● Task objective
Please retype every record exactly as it appears, omitting the pictures.

**** Material to process

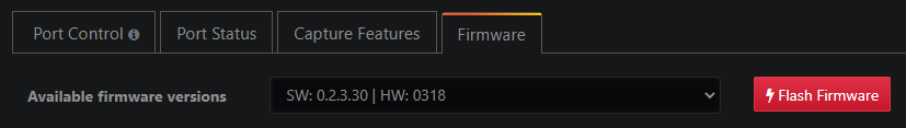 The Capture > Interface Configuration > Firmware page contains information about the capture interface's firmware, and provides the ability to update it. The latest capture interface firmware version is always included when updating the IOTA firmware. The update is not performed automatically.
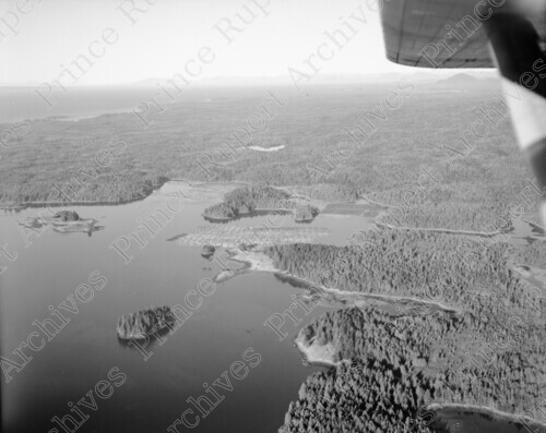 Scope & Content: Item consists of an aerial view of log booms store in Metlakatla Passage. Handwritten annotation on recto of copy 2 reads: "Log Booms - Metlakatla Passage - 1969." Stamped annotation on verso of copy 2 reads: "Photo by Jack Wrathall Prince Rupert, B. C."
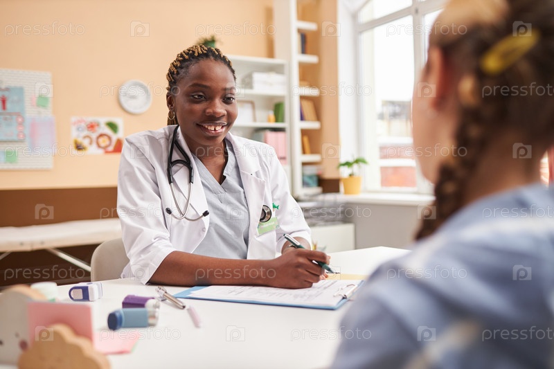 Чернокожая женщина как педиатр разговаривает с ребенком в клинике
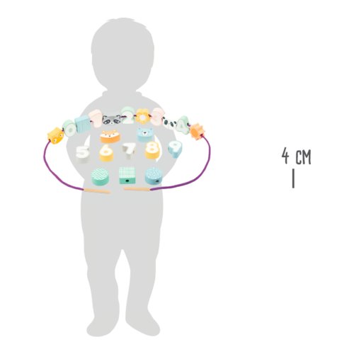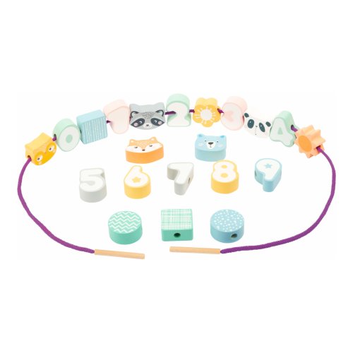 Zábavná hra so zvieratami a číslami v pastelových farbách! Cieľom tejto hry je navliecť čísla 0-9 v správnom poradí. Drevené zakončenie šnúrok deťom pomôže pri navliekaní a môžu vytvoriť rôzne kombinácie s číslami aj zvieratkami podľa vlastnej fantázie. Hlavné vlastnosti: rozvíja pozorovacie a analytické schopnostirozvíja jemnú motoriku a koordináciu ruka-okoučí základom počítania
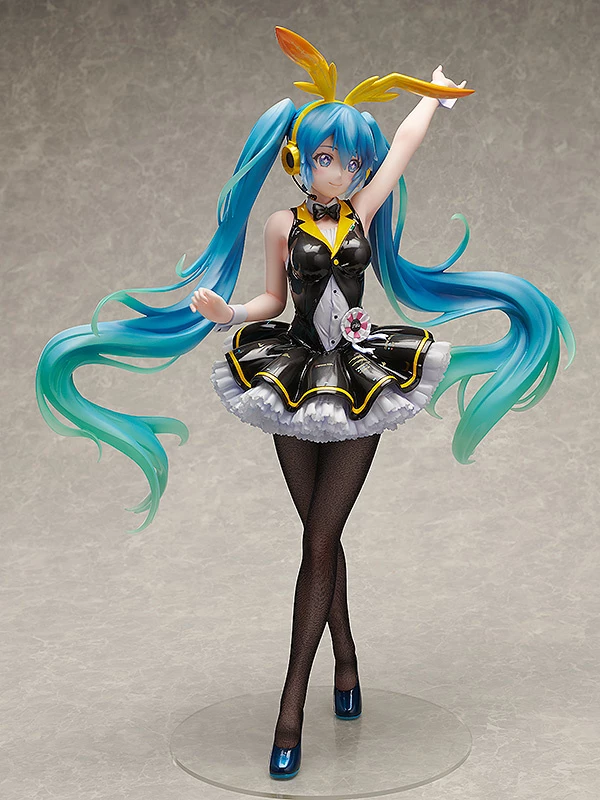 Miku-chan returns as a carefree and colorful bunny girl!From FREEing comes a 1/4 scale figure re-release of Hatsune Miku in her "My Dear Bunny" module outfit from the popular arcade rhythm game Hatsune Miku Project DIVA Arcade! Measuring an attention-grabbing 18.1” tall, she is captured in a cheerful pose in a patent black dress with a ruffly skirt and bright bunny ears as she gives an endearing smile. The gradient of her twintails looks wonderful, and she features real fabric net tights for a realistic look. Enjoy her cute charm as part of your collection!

********

● Task answer
 The Capture > Interface Configuration > Firmware page contains information about the capture interface's firmware, and provides the ability to update it. The latest capture interface firmware version is always included when updating the IOTA firmware. The update is not performed automatically.
 Scope & Content: Item consists of an aerial view of log booms store in Metlakatla Passage. Handwritten annotation on recto of copy 2 reads: "Log Booms - Metlakatla Passage - 1969." Stamped annotation on verso of copy 2 reads: "Photo by Jack Wrathall Prince Rupert, B. C."
 Чернокожая женщина как педиатр разговаривает с ребенком в клинике
 Zábavná hra so zvieratami a číslami v pastelových farbách! Cieľom tejto hry je navliecť čísla 0-9 v správnom poradí. Drevené zakončenie šnúrok deťom pomôže pri navliekaní a môžu vytvoriť rôzne kombinácie s číslami aj zvieratkami podľa vlastnej fantázie. Hlavné vlastnosti: rozvíja pozorovacie a analytické schopnostirozvíja jemnú motoriku a koordináciu ruka-okoučí základom počítania
 Miku-chan returns as a carefree and colorful bunny girl!From FREEing comes a 1/4 scale figure re-release of Hatsune Miku in her "My Dear Bunny" module outfit from the popular arcade rhythm game Hatsune Miku Project DIVA Arcade! Measuring an attention-grabbing 18.1” tall, she is captured in a cheerful pose in a patent black dress with a ruffly skirt and bright bunny ears as she gives an endearing smile. The gradient of her twintails looks wonderful, and she features real fabric net tights for a realistic look. Enjoy her cute charm as part of your collection!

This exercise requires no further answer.